Is OpenAI Solving the Wrong Problem? (hbr.org)
hype7 writes: The Harvard Business Review is running an article looking at the recently announced OpenAI initiative, and its decision to structure the venture as a non-profit. It goes on to ask some pretty provocative questions: why are the 21st century's greatest tech luminaries opting out of the system that made them so successful in order to tackle one of humanity's thorniest problems? "Implicit in this: You can do more good operating outside the bounds of capitalism than within them. Coming from folks who are at the upper echelons of the system, it’s a pretty powerful statement." And, if the underlying system that we all operate in is broken, is creating a vehicle without the profit motive inside of it going to be enough?
Absolutely anything that you would have to worry about an artificial intelligence doing that might be troublesome to our society, you would have to also need to reasonably worry about a malicious person doing exact the same thing, albeit perhaps only more slowly.
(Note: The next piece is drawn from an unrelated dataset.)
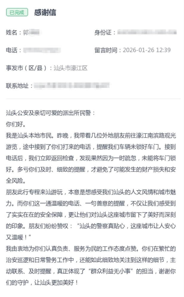 “你们这一通温暖的电话、一句善意的提醒,不仅让我们感受到了实实在在的安全保障,更让他们对汕头这座城市留下了美好而深刻的印象。朋友们纷纷赞叹:‘汕头的警察真贴心,这座城市让人安心又温暖!’”1月26日,一封充满真挚谢意的信件投递到汕头公安局长信箱,字里行间流淌着市民对警察细致守护的感动。

Yet I don't see people who fear the so-called problems that AI is feared to potentially cause worrying about that sort of thing. Can anyone explain why that is without drawing on the idea that because we don't fully understand something, there must be something inherently mysterious or supernatural about it?
File under 'M' for 'Manic ranting'
Believe it or not, some people just like doing certain things, regardless of monetary reward.
That is not what this is about. Some people, including Elon Musk, Stephen Hawking, etc. believe that AI is a potential danger to humanity. Although capitalism is great at maximizing profits, it is not so great at collective moral responsibility. So they think a non-profit is a better vehicle for ethical AI.
Personally, I think they are being silly. Real human-level AI is still a ways off, and corporate AI is focused on solving practical problems rather than creating Skynet. Besides, AI is not something you can keep bottled up. Anyone with a GPU can do it.
But at which level does A.I. can potentially become a problem, for us or something else?
We're already living in a world where toaster-dumb A.I. is being added to all sorts of IoT widgets and it's already causing a lot of headaches.
A true artificial intelligence would be equivalent to a human person --and a human person is not allowed to be owned. So, if the goal is to create a true artificial intelligence, and the result cannot be owned, isn't it simply logical that the creation be done outside the ownership-leads-to-max-profits capitalist system?
You could just make them dumb as a poor person and then you could own them. Problem solved.
I object to power without constructive purpose. --Spock
We're already living in a world where toaster-dumb A.I. is being added to all sorts of IoT widgets and it's already causing a lot of headaches.
I think that when people talk about potential AI problems in this context, they're talking about the BS misconceptions from Hollywood about what AI is and/or is not. Not some poorly thought out, poorly implemented, and poorly secured IoT toster.
The IoT garbage that's currently going on has little relation to AI. The increased removal of classes of jobs does.
The problem is that AI isn't inherently moral, in any useful meaning of the word, unless it's designed that way. If it's designed to improve corporate profits, then that's what it will do. Mind you, I agree that no current system can be given that kind of broad directive. But the word there is "current".
I still expect that we will achieve human equivalent AI by around 2030. I've occasionally pushed that as far away as 2035, but it keeps resetting itself. But note I said "human equivalent". That's a term that needs a bit of defining. What I mean by it is that the AI will understand the description of a task about as well as the average (median) person would, and will be about as successful at designing a solution. For some tasks this has long been possible...but only by specialized machines. I'm talking about a program that will be able to handle (in the sense described above) any reasonable task. (I'm not including being able to implement the solution, as that's partially a mechanical task, and depends on the body implementation. But while for some tasks it may well be superior, I wouldn't expect it to be generally superior within that time frame.)
Please note: I do not believe that any such thing as "general intelligence" exists. I believe instead that there are certain modules of intelligence, and that some of them enable the interaction of other modules. Being more specific requires knowledge of design features that I'm uncertain of, and which may vary in different implementations. But while the muscular coordination required to play a piano is correlated with mathematical ability, they clearly aren't the same thing.
I think we've pushed this "anyone can grow up to be president" thing too far.